Which muscles to focus on first
I start with the core or shoulders when strength training. Something Kinesilogist and professor at UBC Dr. Jasmin Ma taught me was that it is important when living with RA to engage the smaller muscles first to better support joints for when activating the larger muscles as it works like a wake up call for them. This also provides more stability when performing exercise.
Intensity
Some tips that really helped me understand and prevent pain that comes with exercise.
A little discomfort is ok. Muscle pain is fine, joint pain is not. I actually crave that muscle soreness that exercise creates. Watching how I feel after 2 hours, 12 hours, 24 hours and up to 48 hours can tell me when I have done too much. If I experience discomfort in my joints or more than usual muscle soreness, I know to reduce my intensity.
The Exercises I Am Comfortable Doing and Find Relief From
On a good day I will aim for 3 sets of 10-15 reps of each exercise.
Not so good days – Extremely fatigued or inflamed days – Sometimes I will just focus on rest and range of motion exercises, maybe some light strength training 1 set of as many as I can do and feel comfortable doing, a walk around my neighborhood or a swim and sauna session.
| Core | Push | Pull | Hinge | Squat |
|---|---|---|---|---|
| Bird Dog Plank Dead Bug Flutter Kicks Russian Twists Superman |
Chest Press Shoulder Press Arnold Press Side Raises Front raises |
Seated Row Lat Pulldown Reverse Fly |
Romanian Deadlift Glute Bridge Kettlebell Swings |
Reverse Lunge Curtsy Lunge Goblet Squats Side Lunge Squat |
Conclusion/Recommendations
As physiotherapists it is important for you to understand all the symptoms of rheumatoid arthritis and how to help us navigate them.
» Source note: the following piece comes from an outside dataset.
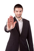 pewnie nowoczesny biznesmen Wyświetlono przystanek gest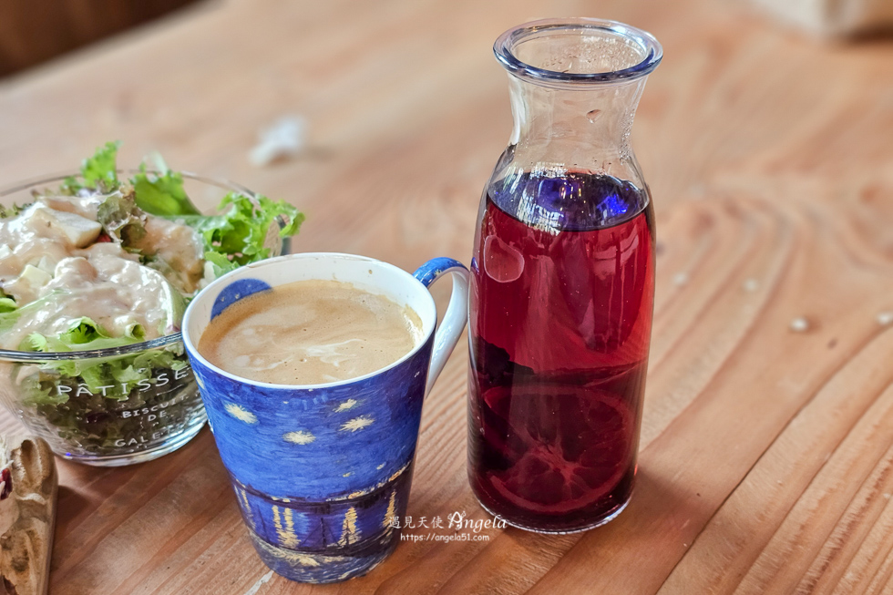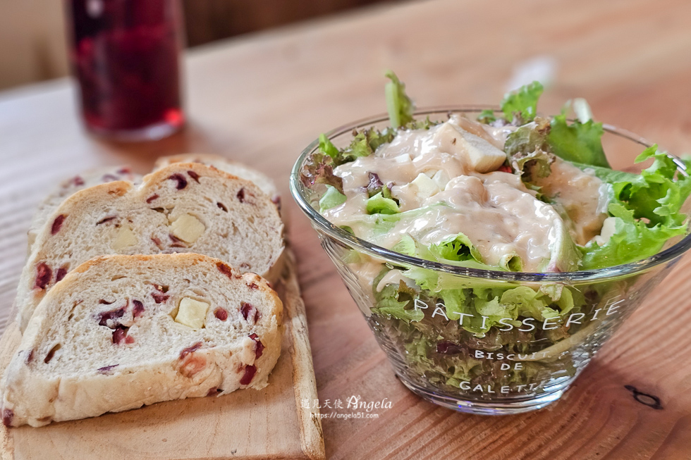 下午茶 A 餐是生菜沙拉+切片麵包+任選飲品一杯。這生菜沙拉是魚菜共生的生菜,新鮮翠綠。沙拉醬口味普通。

Think outside of pain, how can you help us move easier with brain fog, fatigue, fibromyalgia, osteoarthritis, anxiety and depression.
RA is one of the most common forms of inflammatory arthritis and With arthritis being incredibly common in Canada and the world, with over 100 forms and the main cause of disability I highly recommend you continue your education and training in this field. There is always work and you can help a wide range of the population.